XRD allowed us to confirm not only the presence of face-centered cubic crystalline planes of metallic silver in all TeaNP samples but also the presence of silver oxide (Ag₂O) in B-TeaNPs and R-TeaNPs (Fig. 1J–L). The presence of silver oxide on the surface of B-TeaNPs and R-TeaNPs may explain their weaker antimicrobial activity when compared to G-TeaNPs. For G-TeaNPs, no or insignificant traces of silver oxide were found. The XPS analysis of the chemical surface composition of TeaNPs indicated a large amount of organic compounds on the surface of TeaNPs, along with the presence of metallic silver (Fig. S2A and B†). Moreover, the increased surface area of G-TeaNPs, estimated with BET theory, may be another factor responsible for their increased antimicrobial properties compared to those of B-TeaNPs and R-TeaNPs. All these findings suggest the successful synthesis of silver nanoparticles using tea extracts and a large amount of organic matter on the surface of TeaNPs, which was confirmed with HRTEM imaging (Fig. S3†). Hence the thickness of the organic layer on the surface of different TeaNPs is similar, and the composition of organic compounds in the tea extracts seems to be the determining factor for the improvement of antimicrobial activity. Among various polyphenolic compounds, isoflavonoids (especially catechins) seem the most important. Higher concentrations of polyphenols, along with EGC and EGCG, may be a reason for the good performance of B-TeaNPs and G-TeaNPs in eliminating bacteria.

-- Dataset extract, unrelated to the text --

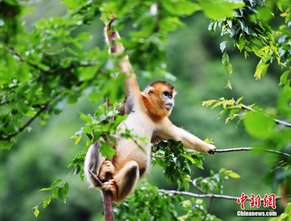 6月17日,在位于四川省阿壩州九寨溝縣境內(nèi)的四川省白河國家級(jí)自然保護(hù)區(qū),野生川金絲猴萌態(tài)十足。[詳細(xì)] -

Finally, we found that the antimicrobial potential of synthesized TeaNPs depends strongly on the selected method for synthesis. We repeated some antibacterial tests for two other sets of nanoparticles synthesized using other previously reported synthesis protocols.^68,103 The data are available in the ESI.† Among the three selected synthesis methods, only one allowed for synthesizing efficient antimicrobial TeaNPs (Fig. S4†). Moreover, the enhanced antimicrobial activity of TeaNPs was more than the additive effect of tea extracts and AgNPs. Hence TeaNPs presented higher antibacterial efficacy when compared to the mixtures of C-AgNPs and tea extracts (Fig. S5†).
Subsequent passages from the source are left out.